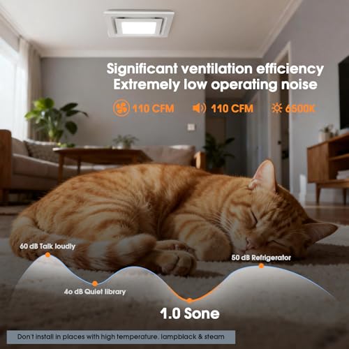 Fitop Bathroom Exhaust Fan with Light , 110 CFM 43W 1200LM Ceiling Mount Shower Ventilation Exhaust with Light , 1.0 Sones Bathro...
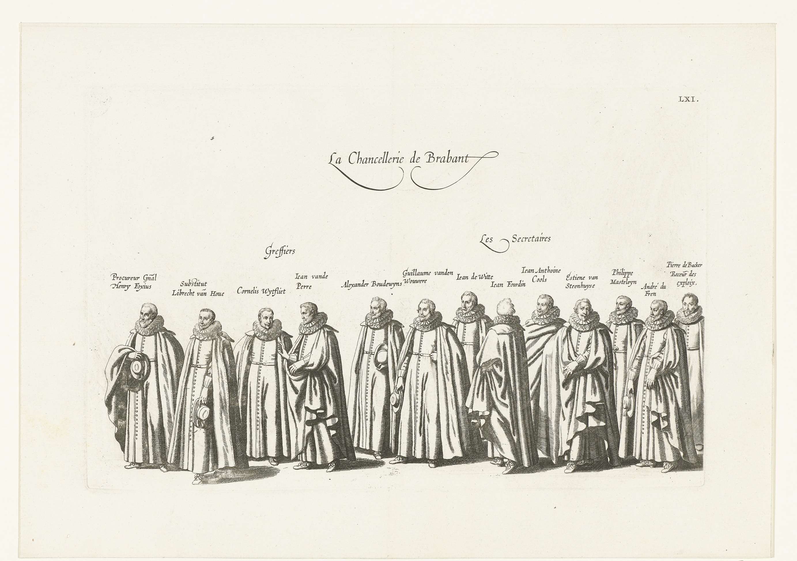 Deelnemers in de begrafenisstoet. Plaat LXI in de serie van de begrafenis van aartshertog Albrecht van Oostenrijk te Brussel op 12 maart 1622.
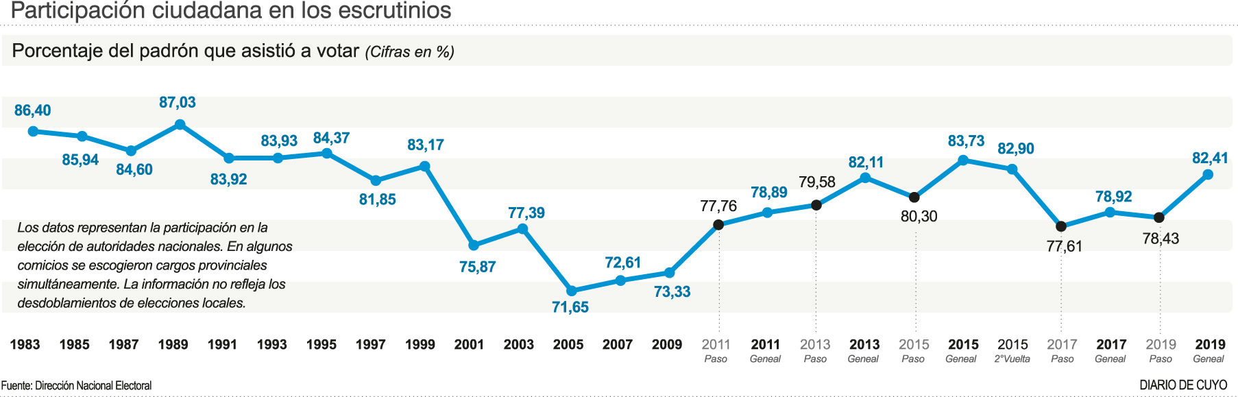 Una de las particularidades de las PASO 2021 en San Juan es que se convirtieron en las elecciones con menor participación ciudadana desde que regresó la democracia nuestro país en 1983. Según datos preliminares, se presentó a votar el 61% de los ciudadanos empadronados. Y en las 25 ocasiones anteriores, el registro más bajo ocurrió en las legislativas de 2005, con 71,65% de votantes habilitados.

======

Give the data above again, exactly and completely. No pictures go in.

 Fitop Bathroom Exhaust Fan with Light , 110 CFM 43W 1200LM Ceiling Mount Shower Ventilation Exhaust with Light , 1.0 Sones Bathro...
 Deelnemers in de begrafenisstoet. Plaat LXI in de serie van de begrafenis van aartshertog Albrecht van Oostenrijk te Brussel op 12 maart 1622.
 Una de las particularidades de las PASO 2021 en San Juan es que se convirtieron en las elecciones con menor participación ciudadana desde que regresó la democracia nuestro país en 1983. Según datos preliminares, se presentó a votar el 61% de los ciudadanos empadronados. Y en las 25 ocasiones anteriores, el registro más bajo ocurrió en las legislativas de 2005, con 71,65% de votantes habilitados.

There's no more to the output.